Certainly the claim that he’s one of the most influential authors of the twentieth century is hard to refute; everyone has read him, and those who haven’t will. The fantasy genre owes its creation entirely to him, and popular culture is forever in his debt. Although similar could be said of any number of shoddily-made artifacts of popular culture, I believe that in Tolkien one can find a level of quality almost unmatched by modern authors; indeed, one has to look back to Shakespeare, Dante (this comparison is especially apt given Tolkien’s alleged moralizing) or any other canonical writers of the past to find his equal.

Unfortunately for Tolkien, he wasn’t alive during the pre-modern era, and thus must be evaluated under a modern (post-modern?) lens, and evaluated well, to be considered "good" by academia.

The inherent idiocy of this should be immediately obvious to even the simplest of readers; however, for those lacking such cranial capacity, such as literary critics, I’ll explain it. If George Orwell decided to write a novel in a style and frame of mind unused for centuries, thoroughly rejecting post-modernism in favor of something more to his liking, would it be fair to attack the work for not being "modern?" Would it make any sense at all? Of course not; and no one would do such a thing, but they do it to Tolkien all the time. Perhaps because they lack better arguments, which is quite possible.

Post-modernists deride Tolkien for several reasons: lackluster poetic ability (which I’ll concede, but so what?), "archaism," not confining to the pointlessly rigid post-modernist style which, oddly enough, is based upon rejecting rigid structures (you’d think these people would love him!), not infusing irony or any other similarly modern inventions into his work, and for being too prosaic.

Whatever.

First off, his prose is fine; great, even.
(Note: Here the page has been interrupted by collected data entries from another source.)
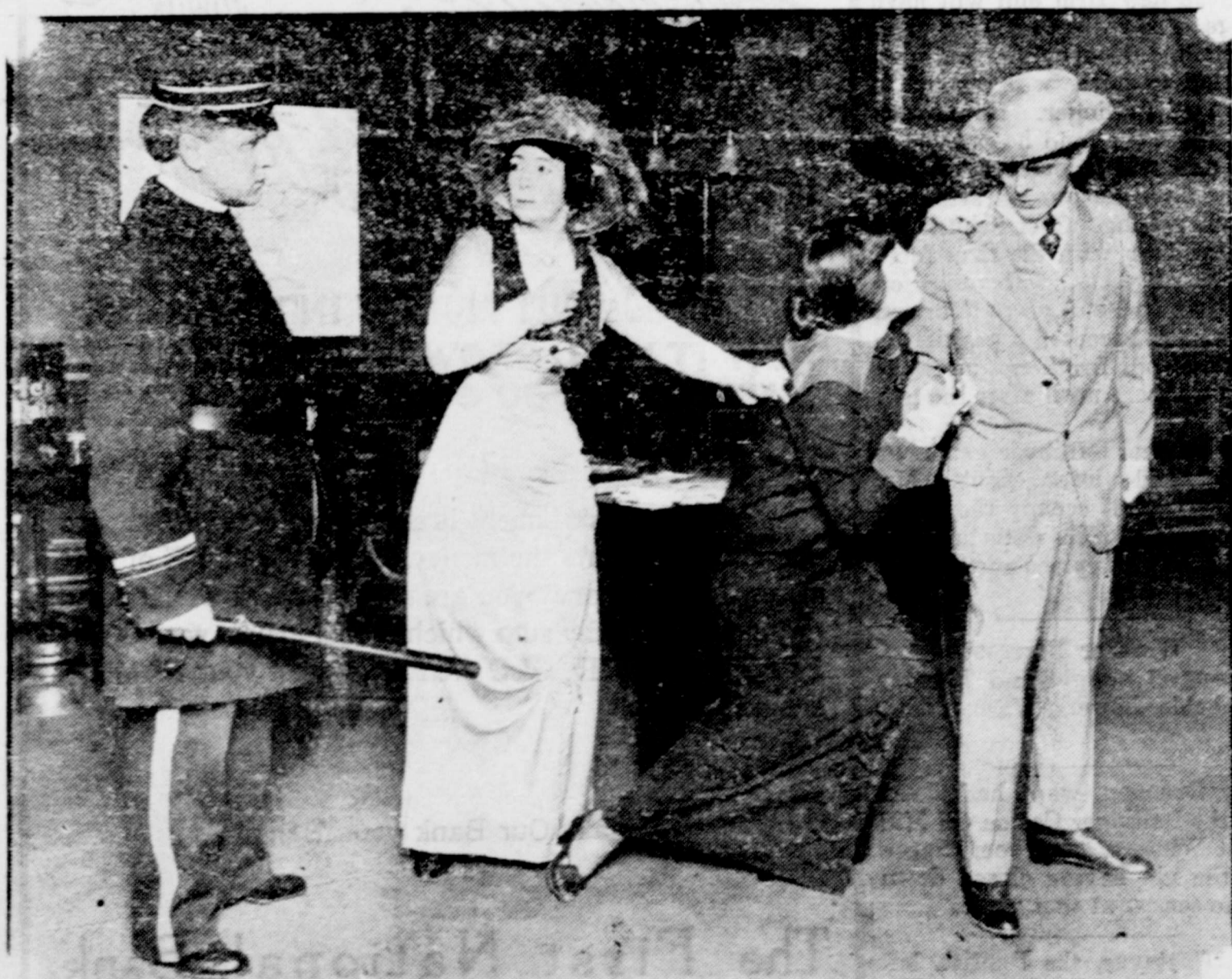
Scene From "The Traffic" Ballinger Opera House Wednesday Night, November 26th,
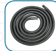
80-0503 25 ft. Vacuum Hose with Cuffs Assembly

SNIPER CARPET EXTRACTOR 12-Gallon Carpet Extractor Series
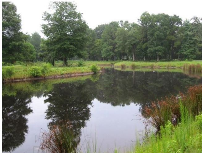
The grounds, which are almost adjacent to the ocean, feature lovely hiking trails and scenic ponds.
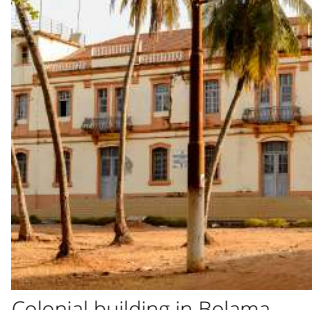
Colonial building in Bolama

Breakfast at the hotel. The morning is dedicated to visiting BISSAU: the Bissau Velho neighbourhood, the cathedral, the Palais de la Poste and the Amura fortress, the national heroes' square, the port, where multicoloured pirogues dock with their
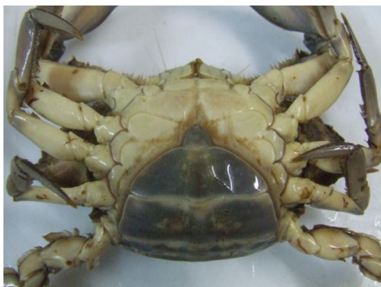
Figure 4 Abdomen of the siri adult female ( Callinectes sp.).

There have been very few published works elaborating emic identification keys, as for example that of Mourão and Montenegro [6] for fish at the MRE, in Paraíba State, Brazil. The confection of an emic identification key repre-
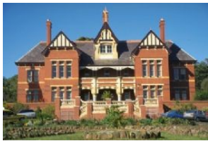
Heritage-listed Sunbury Campus of Victoria University, will be the site for the 2009 W&P 20th Annual Conference.

4, 5 & 6 December 2009 Sunbury, Victoria
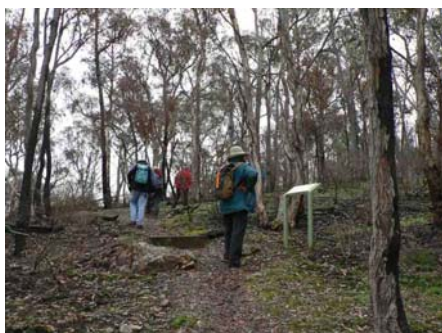
The burnt hill JG
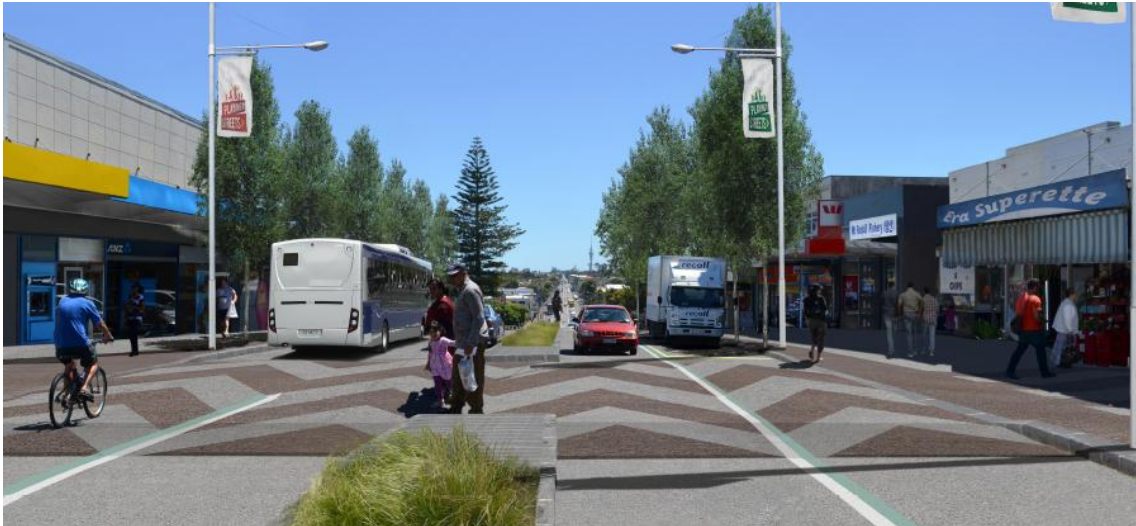
Figure 3: Artist's impression of the current concept for Mt Roskill Village Centre (looking towards the CBD)

Mt Roskill Village Centre: An artist's impression of the proposed option through the village centre is shown in Figure 3 below.
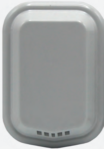
PDA0007 Vent Front
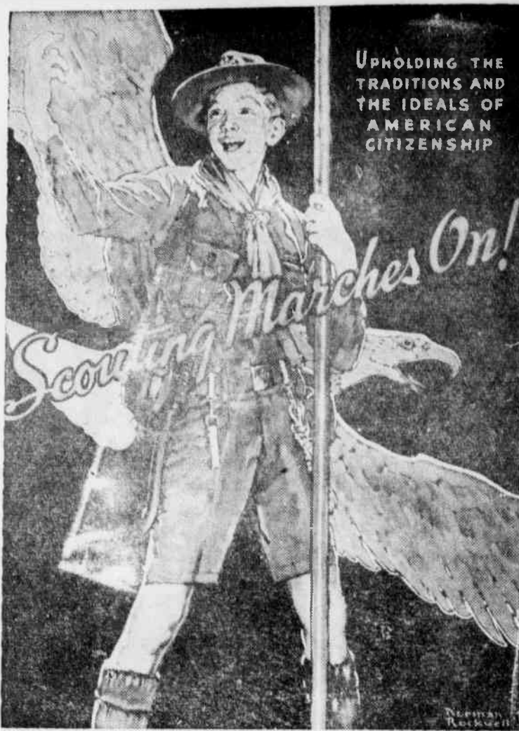
Boys of Sandhills Join with Scouts of Nation on the Thirtieth Anniversary of Scouting. Many Window Displays Here.
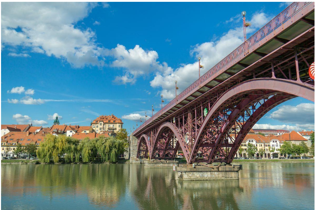
The arches Old bridge (Stari most); built between 1906–1912, one of the most beautiful bridges (at that time - in Austria-Hungary)
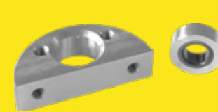
Special and customised products

Certainly it does the job of transporting the reader out of a more modern, twentieth-century frame of mind (Cockney accents and other anachronisms notwithstanding), and into one dating back before recorded history; yet more elegant than humanity will ever know. And frankly, if anyone gets to criticize prose skills, it would be a philologist like Tolkien; certainly one of his eminence gets a certain amount of slack in this regard. Who do you think is more qualified to evaluate prose authenticity, anyway: a snobby New York Times lit critic, or the most preeminent linguist of a time where linguists were fairly prominent and numerous?

I’m not even going to address the charges that he doesn’t use irony, or allegory, or any such device, which somehow makes his writing unacceptable; I already have, more or less, and he eschews them for something far more important, far grander and more elegant, which is plot. Tolkien, in The Lord of the Rings, is telling a story told thousands of times before, yet never told as well; the story of a powerless, contented figure completely irrelevant to the politics of his world suddenly becoming the most powerful figure on it is timeless, and what Tolkien weaves around it are themes as grand, majestic and ancient as the nature he so reveres: betrayal, love and loss, loyalty, honor, greed, good, evil, lust, power, death, decay, the birth and death of a society, life, afterlife, the decline of a culture, industrialism (not, perhaps, as ancient as nature, but still…), destruction and finally the Nature of Man.

But I keep forgetting; Tolkien’s irrelevant. Let’s all go read Gravity’s Rainbow and pretend it’s better than that crap the masses enjoy (shudder!).